Im my previous naswer, I included a terms of order $dt$ in the Lagrangian. It makes the variation somewhat awkward. After some thoughts, I find it is rather nature to employ the dissipation function and incorporated as a generalized force Rayleigh Dissipation.

The dissipation function is basically the power dissipated by the friction force. In this case, the mass ejected is taking away a part of the knietic energy from the system in a similar way of dissipation force.

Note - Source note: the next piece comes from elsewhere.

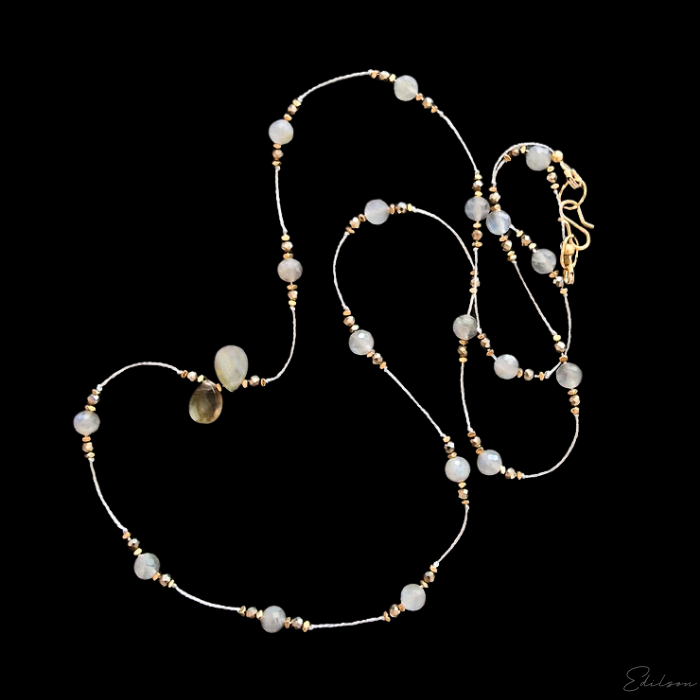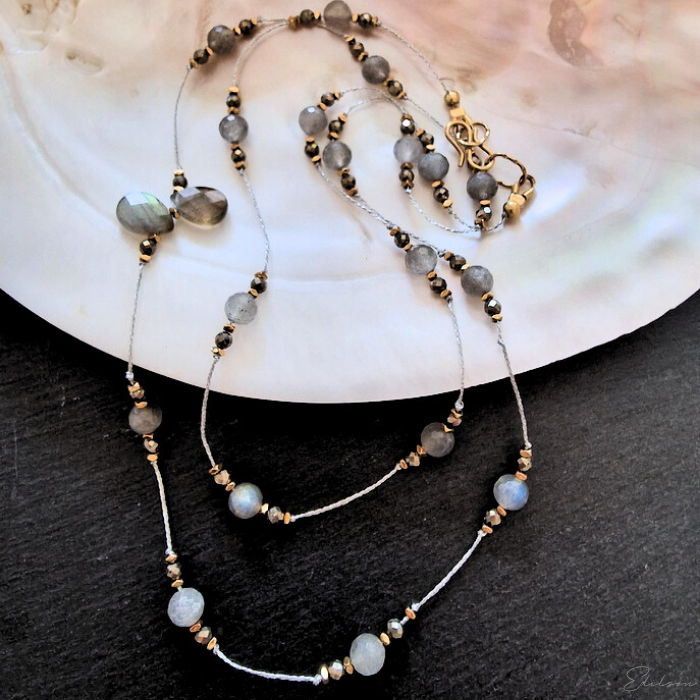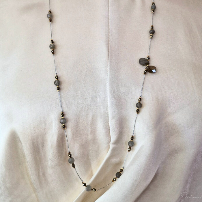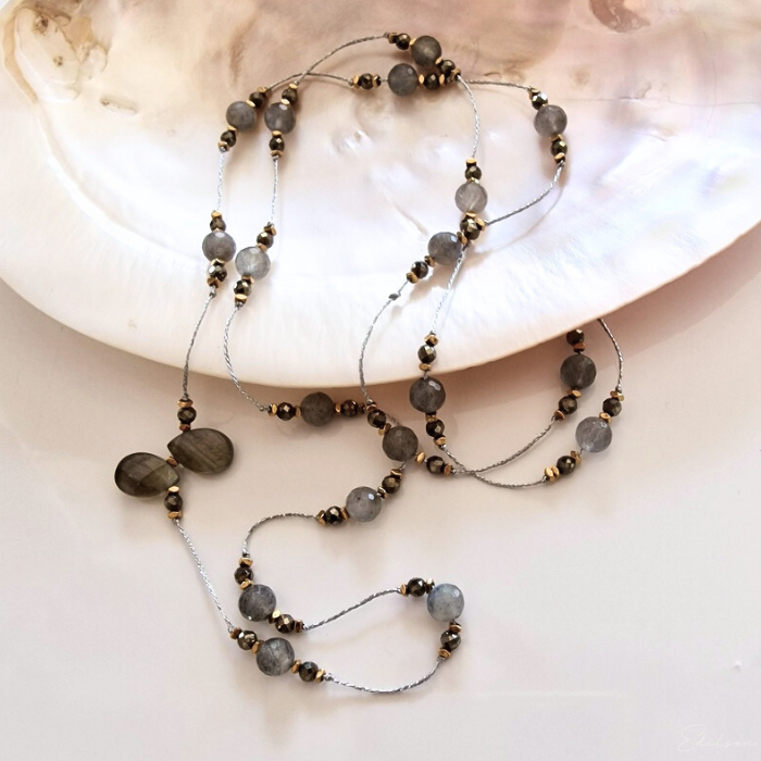 Ręcznie wykonany długi naszyjnik z kamieni naturalnych - labradorytów.

$$ G(v) = \frac{1}{2} \frac{dm}{dt} (\dot{x}-u)^2 $$ The mass changing rate $\dot{m} =\frac{dm}{dt}$ is negative for rocket motion.

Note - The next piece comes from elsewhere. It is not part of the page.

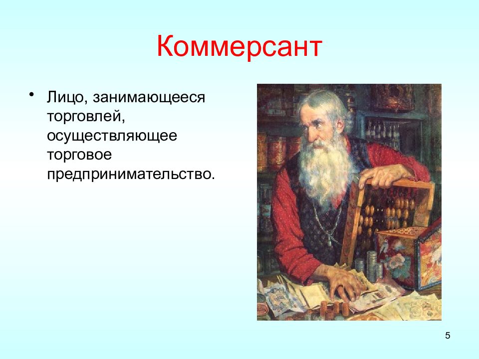 Лицо, занимающееся торговлей, осуществляющее торговое предпринимательство. 5

The generalized force $$ Q = \frac{\partial G}{\partial \dot{x}} = \frac{dm}{dt} (\dot{x}-u) $$

The Euler-Lagrangian equation with generalized force:

$$ \frac{d}{dt} \left\{ \frac{\partial L}{\partial \dot{x}}\right\} -\frac{\partial L}{\partial x} = Q $$

Appy to the rocket problem with constant gravity:

$$ L = \frac{1}{2} m \dot{x}^2 - mgx $$

The Equation of motion: $$ \frac{d}{dt} \left\{ \frac{\partial L}{\partial \dot{x}}\right\} -\frac{\partial L}{\partial x} = \frac{d m\dot{x}}{dt} + mg = Q $$ $$ m\ddot{x} + \dot{m}\dot{x} + mg = \dot{m} (\dot{x} - u) $$

Render the correct rocket equation of motion. $$ m \dot{v} = -\dot{m} u - m g = |\dot{m}| u - m g. $$

Another example, throw $dm/dt$ mass rate vertically outside a boat, $u=0$:

$$ m \dot{v} = 0 \to v(t) = \text{constant} $$

The masses casted outside is moving with same $v$, therefore doesn't change the velocity of the remaining boat (neglecting the vertical shift within our 1-d treatment.)